Directions for this task
The answer is the full listing restated exactly, without any pictures.

Dataset excerpt
::::::

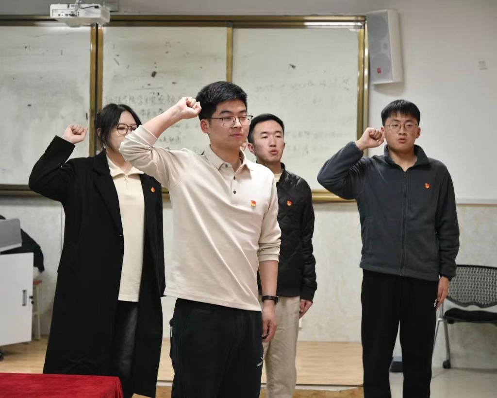 接着,由学生第一党支部副书记吕猛带领3名同志面向党旗进行了庄严宣誓。铿锵有力的誓言,不仅代表着他们顽强拼搏的奋斗决心,更诠释了他们不忘初心、牢记使命的强烈信念。
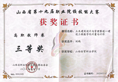 “建设工程数字化计量与计价”赛项于2025年11月15日在山西电力职业技术学院举行,刘鸽、赵帅、孙继红、郭燕飞老师带领6名学生参赛;“建筑信息模型建模与应用”赛项同期在山西工程科技职业大学举行,王浩、赵鹤晖老师带领3名学生参赛。师生们放弃休息,扎根机房,逐项攻克赛项难点,精进软件操作技能,最终在竞争中脱颖而出,喜获荣誉。
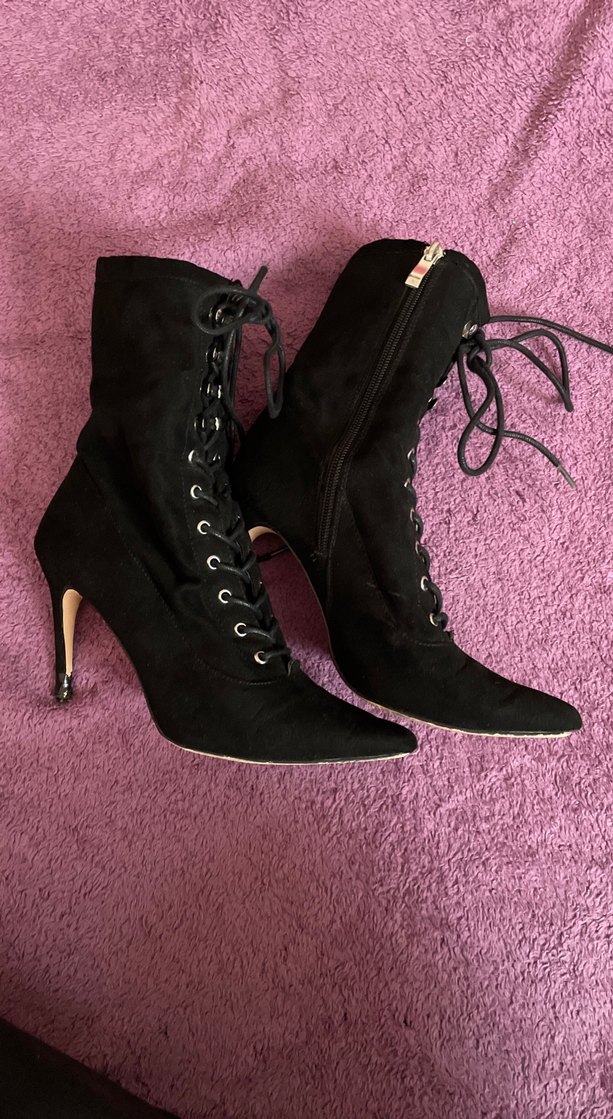 Siyah süet gotik botlar, stiletto topuklu tasarıma sahip. Yan fermuarlı ve desenli yapısıyla cesur romantik akşamlar için uygun.

::::::

Written answer
 接着,由学生第一党支部副书记吕猛带领3名同志面向党旗进行了庄严宣誓。铿锵有力的誓言,不仅代表着他们顽强拼搏的奋斗决心,更诠释了他们不忘初心、牢记使命的强烈信念。
 “建设工程数字化计量与计价”赛项于2025年11月15日在山西电力职业技术学院举行,刘鸽、赵帅、孙继红、郭燕飞老师带领6名学生参赛;“建筑信息模型建模与应用”赛项同期在山西工程科技职业大学举行,王浩、赵鹤晖老师带领3名学生参赛。师生们放弃休息,扎根机房,逐项攻克赛项难点,精进软件操作技能,最终在竞争中脱颖而出,喜获荣誉。
 Siyah süet gotik botlar, stiletto topuklu tasarıma sahip. Yan fermuarlı ve desenli yapısıyla cesur romantik akşamlar için uygun.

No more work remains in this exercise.